_DATA TO USE_:
————————

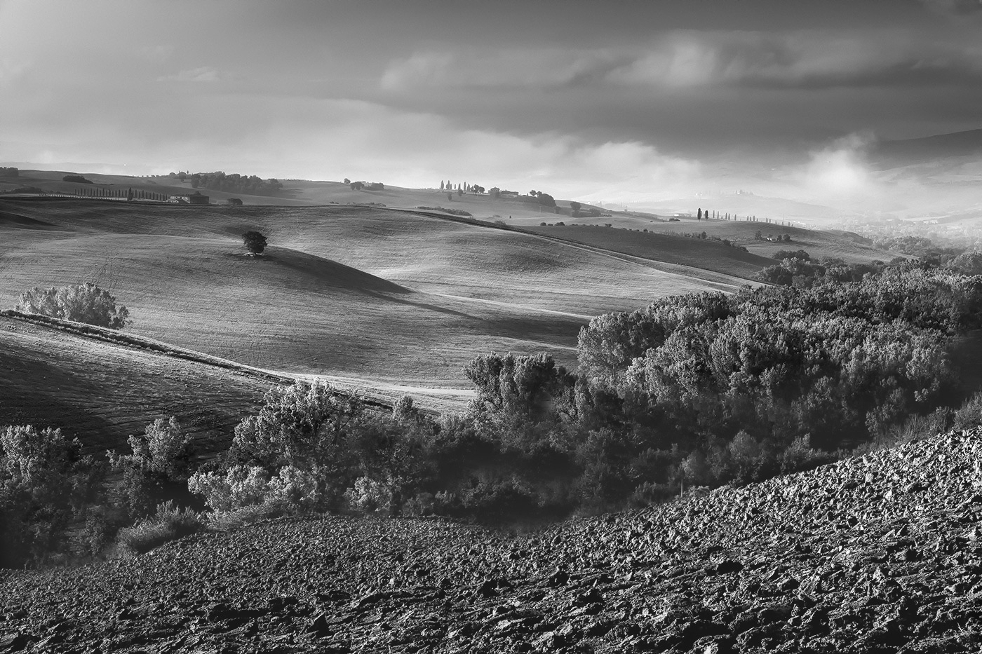 Bellissimo questo scatto, una larga visione della Val D'Orcia in una ricchissima scala di grigi, il susseguirsi di chiari scuri e collinette per una grande profondità. Credo e immagino che a colori sia altrettanto valida...complimenti Salvatore.
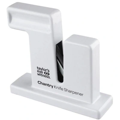 USE - The Classic Chantry Knife Sharpener can be used instead of a traditional honing steel. The sharpener can be used to sharpen plain or serrated knives, restoring the cutting edge of the blade. It gives a sharp cutting edge without damaging the blade and requires no batteries or mains electricity making it portable and reliable. The base has holes which allow the sharpener to be secured to a surface for even safer sharpening and to ensure it's easy to find in a busy professional kitchen. HOW IT WORKS - The Taylor's Eye Witness Classic Chantry Knife Sharpener reproduces the action of a butcher's steel. It automatically ensures the correct edge angle is applied and equally sharpens both sides of the blade. The steels revolve under tension and do not wear away the blade. The sharpener can be used from either side and either left or right handed. A top choice for at-home cooks and professional chefs. After prolonged use you may need to fit replacement steels. HOW TO USE - Before use, wipe the knife blade to ensure the Sharpener remains clean. Draw the knife between the steels as if slicing bread, using enough pressure to engage the steels. Very dull knives may require a more vigorous action. For best results, use the Chantry Knife Sharpener frequently, preferably each time the knife is used. Please note that in some cases, a micro serration may be left on the blade, as part of the sharpening process. A handy and compact size at 12.5cm x 11cm. GLOBAL REPUTATION - Taylor's Eye Witness was founded by John Taylor in the early part of the 19th century in Sheffield, the original city of steel. Established in 1838, they have over 175 years experience which has given them the edge when it comes to product development, continually designing and developing kitchenware products based on their customer's needs. They have stood the test of time through an unrelenting dedication to quality, service and technical know-how in the design of knives. LIFETIME GUARANTEE - This Taylor's Eye Witness product is covered by a Lifetime Guarantee. Any item found defective will be repaired or replaced without charge. We fully protect the consumer's statutory rights. Still operating from their original site in Sheffield, England where they started out in 1838, this family business manufactures and sources kitchen knives and other housewares related products for retailers across the world. What they don't know about kitchen knives isn't worth knowing
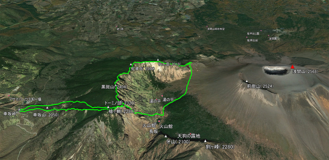 | 浅間山外輪山GPSデータ DL方法=地図画面→標高→マップ機能スクロール https://www.yamareco.com/modules/yamareco/detail-1857969.html |
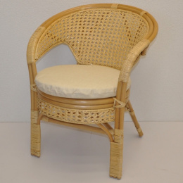 Ratanový nábytek - ratanové křeslo Kina je vyrobeno z přírodního ratanu. Konstrukce křesla je vyrobena z masivních ratanových tyčí. | Velikost křesla je 66x67x78 cm, nosnost křesla 115 kg. Barva ratanové konstrukce i ratanového výpletu je medová. Polstr je vyrobený v České republice.
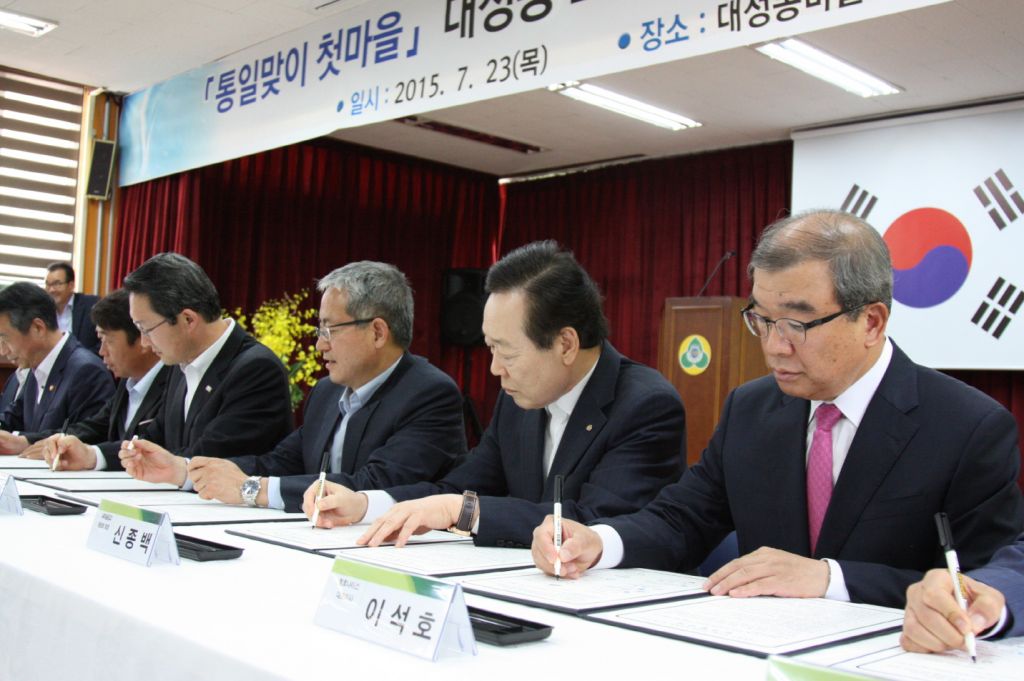 청호나이스 이석호 대표(오른쪽 첫번째)가 23일 대성동 마을에서 진행된 '대성동 프로젝트' 업무협약서에 서명하고 있다.
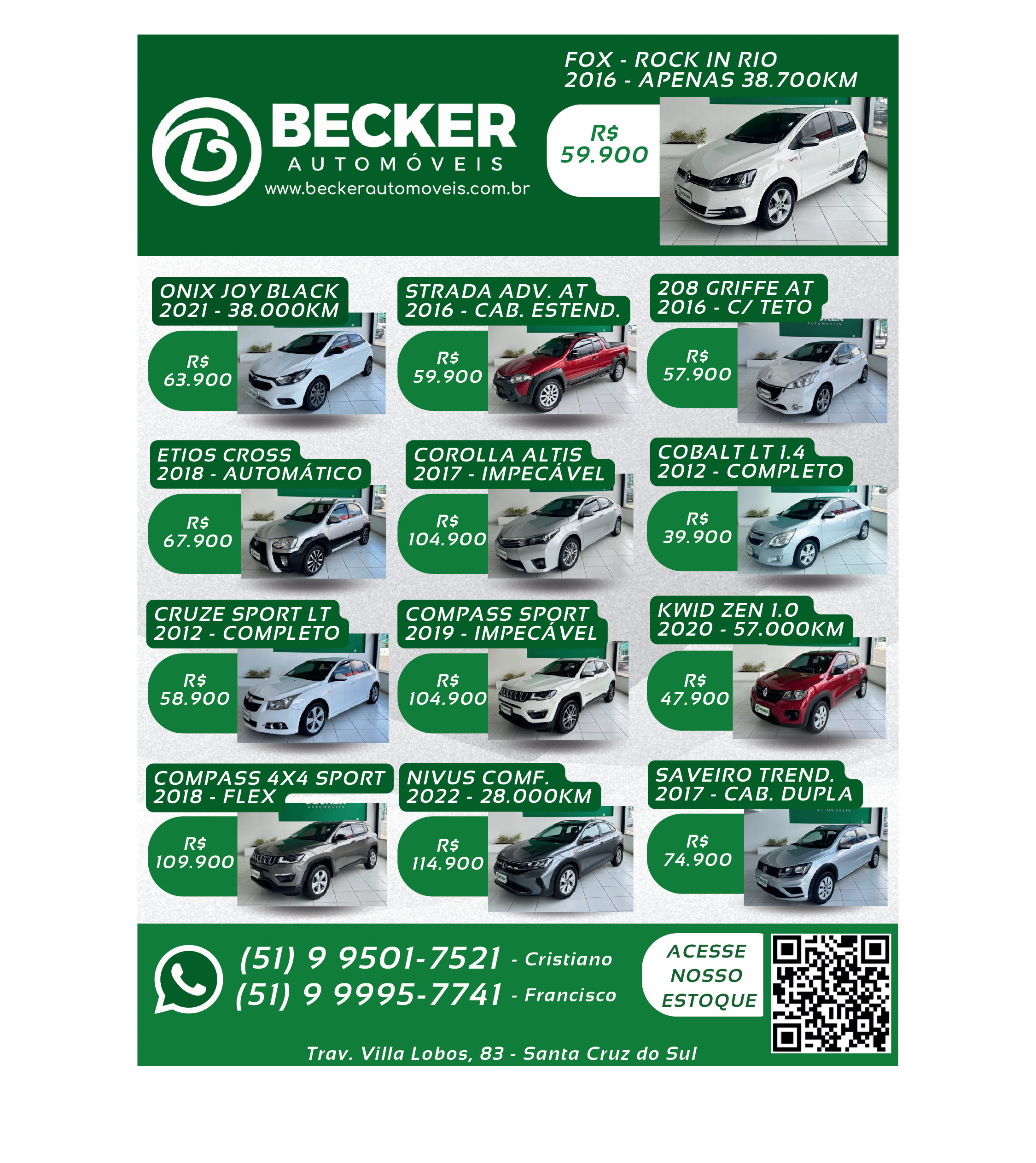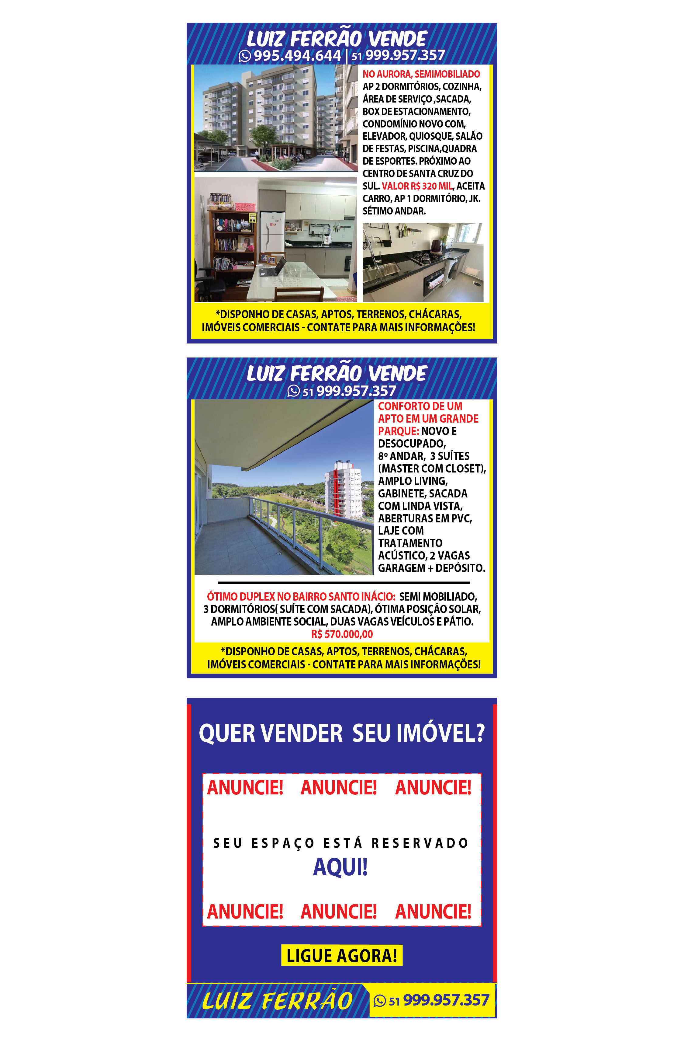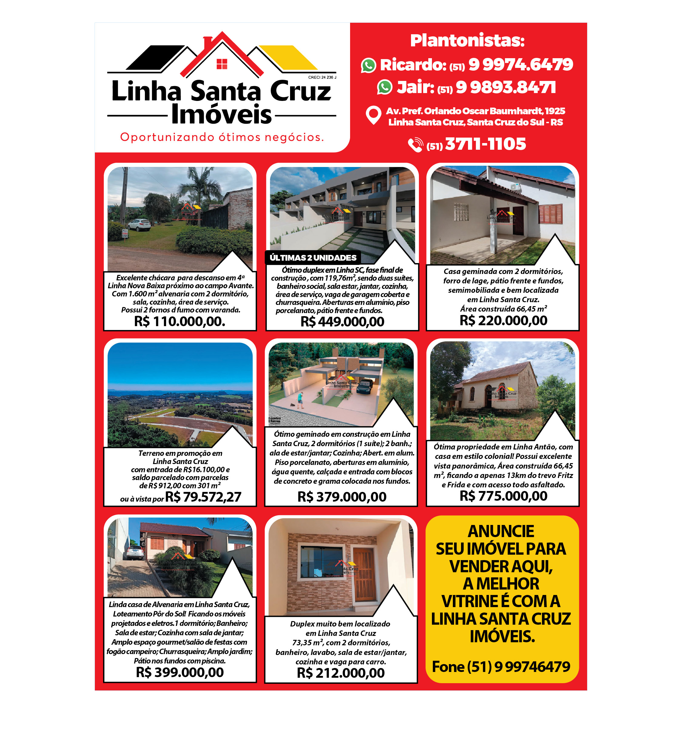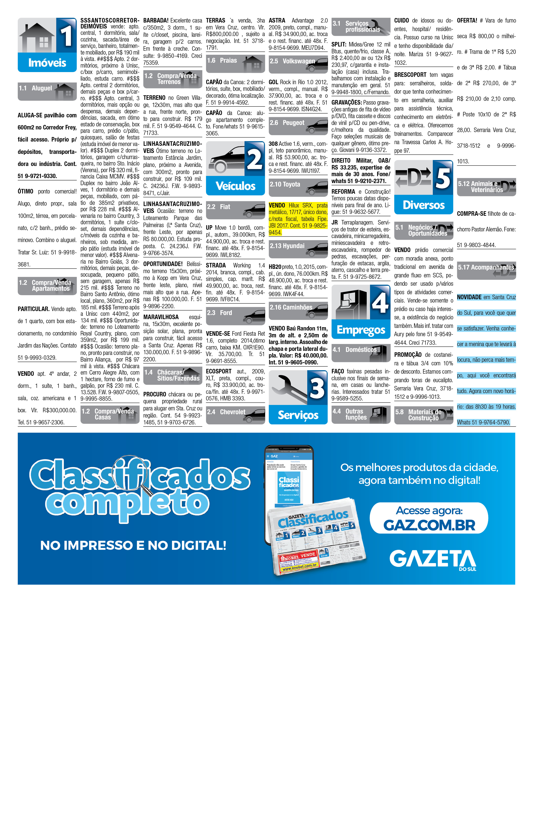 O suplemento de Classificados, que circula nas edições de terças, quintas e sábados, é um dos mais tradicionais da Gazeta do Sul, como vitrine e canal de negócios, de oferta, compra e venda em toda a região central do Rio Grande do Sul. E, para enriquecer pesquisas de produtos e serviços e possibilitar resultado ainda melhor a usuários e parceiros, nos anúncios de clientes cadastrados, o leitor tem acesso direto com link ao site do anunciante, onde poderá verificar mais detalhes sobre os itens. Confira as ofertas:

————————

_EXERCISE_: Restate each of the entries above word for word and skip every image.

_RESULT OF THE TASK_:
 Bellissimo questo scatto, una larga visione della Val D'Orcia in una ricchissima scala di grigi, il susseguirsi di chiari scuri e collinette per una grande profondità. Credo e immagino che a colori sia altrettanto valida...complimenti Salvatore.
 USE - The Classic Chantry Knife Sharpener can be used instead of a traditional honing steel. The sharpener can be used to sharpen plain or serrated knives, restoring the cutting edge of the blade. It gives a sharp cutting edge without damaging the blade and requires no batteries or mains electricity making it portable and reliable. The base has holes which allow the sharpener to be secured to a surface for even safer sharpening and to ensure it's easy to find in a busy professional kitchen. HOW IT WORKS - The Taylor's Eye Witness Classic Chantry Knife Sharpener reproduces the action of a butcher's steel. It automatically ensures the correct edge angle is applied and equally sharpens both sides of the blade. The steels revolve under tension and do not wear away the blade. The sharpener can be used from either side and either left or right handed. A top choice for at-home cooks and professional chefs. After prolonged use you may need to fit replacement steels. HOW TO USE - Before use, wipe the knife blade to ensure the Sharpener remains clean. Draw the knife between the steels as if slicing bread, using enough pressure to engage the steels. Very dull knives may require a more vigorous action. For best results, use the Chantry Knife Sharpener frequently, preferably each time the knife is used. Please note that in some cases, a micro serration may be left on the blade, as part of the sharpening process. A handy and compact size at 12.5cm x 11cm. GLOBAL REPUTATION - Taylor's Eye Witness was founded by John Taylor in the early part of the 19th century in Sheffield, the original city of steel. Established in 1838, they have over 175 years experience which has given them the edge when it comes to product development, continually designing and developing kitchenware products based on their customer's needs. They have stood the test of time through an unrelenting dedication to quality, service and technical know-how in the design of knives. LIFETIME GUARANTEE - This Taylor's Eye Witness product is covered by a Lifetime Guarantee. Any item found defective will be repaired or replaced without charge. We fully protect the consumer's statutory rights. Still operating from their original site in Sheffield, England where they started out in 1838, this family business manufactures and sources kitchen knives and other housewares related products for retailers across the world. What they don't know about kitchen knives isn't worth knowing
 | 浅間山外輪山GPSデータ DL方法=地図画面→標高→マップ機能スクロール https://www.yamareco.com/modules/yamareco/detail-1857969.html |
 Ratanový nábytek - ratanové křeslo Kina je vyrobeno z přírodního ratanu. Konstrukce křesla je vyrobena z masivních ratanových tyčí. | Velikost křesla je 66x67x78 cm, nosnost křesla 115 kg. Barva ratanové konstrukce i ratanového výpletu je medová. Polstr je vyrobený v České republice.
 청호나이스 이석호 대표(오른쪽 첫번째)가 23일 대성동 마을에서 진행된 '대성동 프로젝트' 업무협약서에 서명하고 있다.
 O suplemento de Classificados, que circula nas edições de terças, quintas e sábados, é um dos mais tradicionais da Gazeta do Sul, como vitrine e canal de negócios, de oferta, compra e venda em toda a região central do Rio Grande do Sul. E, para enriquecer pesquisas de produtos e serviços e possibilitar resultado ainda melhor a usuários e parceiros, nos anúncios de clientes cadastrados, o leitor tem acesso direto com link ao site do anunciante, onde poderá verificar mais detalhes sobre os itens. Confira as ofertas:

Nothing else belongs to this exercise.